New Ketsh Up groups are mushrooming in Johannesburg, Cape Town as well as recently in Botswana and Swaziland.
Three of its members share how their journey started:
Mercantile Hospital ICU nurse Simoné Jordaan, 38, is a mother of two and lives in Palmridge
I always wanted to run across the red carpet at Ironman so two years ago I entered myself for the 5150 fun tri [short distance triathlon].
I had to face my fears for open water swimming and took some swimming lessons but after completing it, I was totally hooked and decided to challenge myself and entered the 5150 Olympic distance.
Ketsh Up was given the opportunity to train with Team Tissink in prep for the 5150 event in November 2018.
I completed my race, it was a tough, magical day that I will never forget., a life-changing experience.
During my swim I wanted to quit as the conditions were not easy, luckily I was encouraged not do so.
This day made me realise that you can do anything you want to, if you put your mind to it and if you work for it, no matter your shape or size.
It made me realised that it does not matter if you finish first or last, we cover the same distance, get the same medal and run the same carpet – plus I get value for my money as I do enjoy the scenery!
It keeps me healthy and fit, helps me to balance everyday stresses and to motivate other women out there to do what they never thought would be possible.
Millard Grange mother of two girls Phindile Nama, 47, is a medical sales representative
I’ve always been a physically active person in terms of sports and gym, and always keen to try something new.
I learnt how to ride a bicycle, swim freestyle, and ocean swim during the first quarter of 2017, just in time to do my very first corporate Ironman as an individual on April 1 as a birthday present to myself.
The journey started when I was spotted by one of the founders of Ketsh Up, while I was running through Kragga Kamma waiting for my daughter to finish her gymnastics class.
I thus became what we fondly refer to as Ketsh Up 1 as I was their very first recruit!
I do this to inspire other women that you CAN learn a new skill, regardless of your age, and that we can all be involved in triathlon, even with limited finances, as we each support each other.
I absolutely love pushing my boundaries – mentally and physically – and triathlon offers that for me, and I enjoy the nature of our beautiful Bay like the ocean, scenic running and cycling routes – and great people!

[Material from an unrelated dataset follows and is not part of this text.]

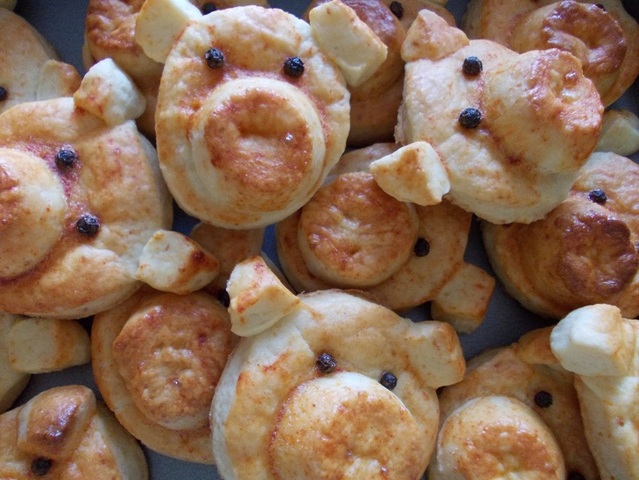 A hozzávallókat összegyúrni, vékonyra kinyújtani, kiszaggatni.

Overbaakens quantity surveyor Thuthuka Songelwa, 39 works in the building environment
I was introduced to Ketsh Up by a friend. I only wanted to learn how to swim and to ride a bike but the next thing I know I was entering the CTC relay in 2017.
Some time I unknowingly made the step from “doing a triathlon” to “becoming a triathlete”.
It’s difficult to pinpoint exactly when this happened – maybe it was when I entered my second Corporate Triathlon Challenge race or finished the 5150 series.
I’ve crossed the point of no return and my new obsession grows every day.
My biggest fears were drowning or sustaining an injury but since then I have not looked back.
Triathlon has opened up a whole new new world of possibilities that has not only tested my physical body but also my mental and emotional mettle.
I have made I have made treasured friendships that are built on the shared experience of being average at something absurdly difficult.
I count myself very fortunate to have had this opportunity.